Real Gardens

Hellooooo, March!

We thought you'd never get here.  We never realized before what you mean to us.  How you may just be the prettiest month of the year, despite what anybody says. 

So to bring glory to your name we offer a humble sampling of the floral splendor you'll be bringing to the gardens of so many color-starved plant-worshipers, at least the ones here in Zone 7 (and some careful zone-pushers in Zone 6).  

DaffodilsFlickrAndrewStawarz
                             Daffodils photo credit.

MuscariFlickrfotogabry
                   Grape hyacinth photo credit.

HelleboreFlickrXerones
                         Hellebore photo credit. 

CrocusFlickrSwamibu

      Crocuses at Kew Gardens in London.  Photo credit.

Purpletulips1-400 

                            Tulips in my garden.

Sun-worshipping, too
Of course it's not just color we miss, or we'd all be happy with cut flowers from Ecuador.  We miss the warmth of the sun, dammit.  Finally last weekend it actually warmed up enough for me – and several of my neighbors, I noticed – to sit in the sun and just soak it in. 

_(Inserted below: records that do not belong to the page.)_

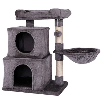 - IDEALES SPIEL- UND RUHEPARADIES. Die vortreffliche Ausstattung dieses Katzenbaumes mit 2 Höhlen und einem Plüschball mit Glöckchen befriedigt den Spieltrieb Ihrer Katze. Das gemütliche Liegebett und die Liegemulde unterstützen zusätzlich die benötigten Ruhephasen und auch das beliebte Beobachten kommt nicht zu kurz. Die perfekte Balance zwischen Spielspaß und Rückzugsmöglichkeiten.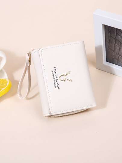 Billetera plegable de moda con múltiples compartimentos y cadena para mujer - cartera pequeña - Blanco - Añade 1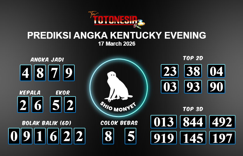 Prediksi KENTUCKY EVENING adalah perhitungan nomor togel unggulan dari agen suhu togel yang menyajikan angka prediksi paling akurat, sehingga memberikan banyak keuntungan saat bermain di pasar togel KENTUCKY EVENING. TotoNesia adalah prediksi dengan rasio kemenangan tertinggi di Indonesia. Sebagai penyedia togel yang dapat dipercaya, kami bertekad untuk memberikan ramalan togel yang handal dengan hadiah terbesarnya. Maka dari itu, jangan sampai terlewatkan prediksi bandar togel dengan hadiah terbanyak bet 100 dari pasar togel terbaik KENTUCKY EVENING Daftar sekarang juga di bandar.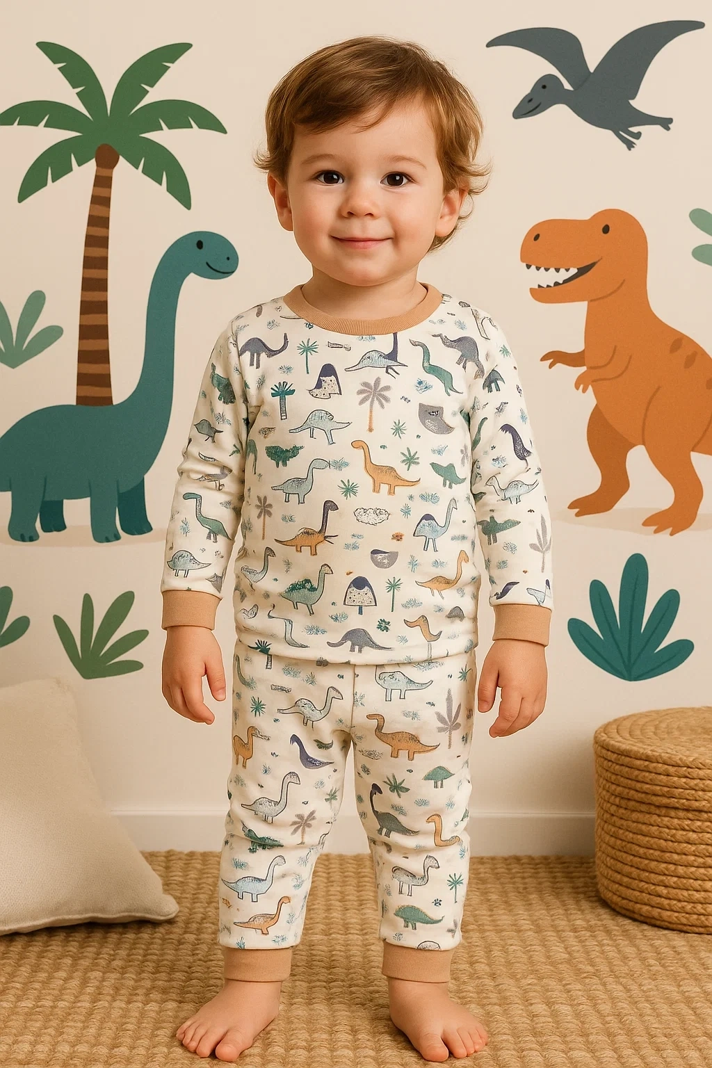Dinazor Desenli Erkek Bebek Eşofman Takımı %100 Pamuk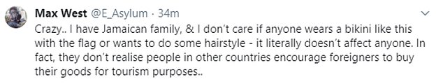 “就离谱……我自己就来自牙买加家庭,我根本就不care是不是有人穿着牙买加比基尼、或者梳着这个头发好吧?这又不影响任何人。这群美国人根本就不懂,其他国家的人其实很鼓励外国人为了旅游目的买他们的文化产物的。”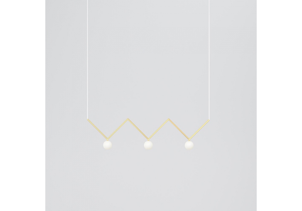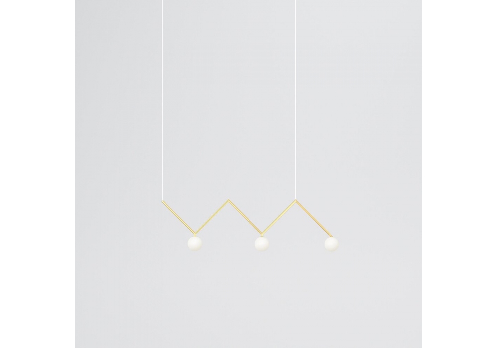 Zigzag von Atelier Areti entworfen, ist eine Pendelleuchte aus gebürstetem Messing und weißen Glaskugeln. Erhältlich in verschiedenen Modellen.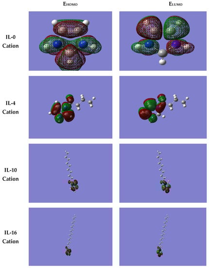 | IL’s Cation | EHOMO, (eV) | ELUMO, (eV) | Energy Gap ΔE, (eV) | Dipole Moment µ, (Debye) | Electron Affinity A, (eV) | Ionization Energy I, (eV) | Electronegativity, (eV mol−1) | Hardness ɳ, (eV mol−1) | Softness σ, (eV−1) |

Speaking of the sun, my orthopedist told me that vitamin D deficiency is rampant, and I wonder if that's true of us gardeners. If we slather up and cover up, are we missing out on something we need?  Anyway, this month I plan to do some serious sun-sitting – on doctor's orders.

Posted by on March 1, 2010 at 3:51 am, in the category Real Gardens.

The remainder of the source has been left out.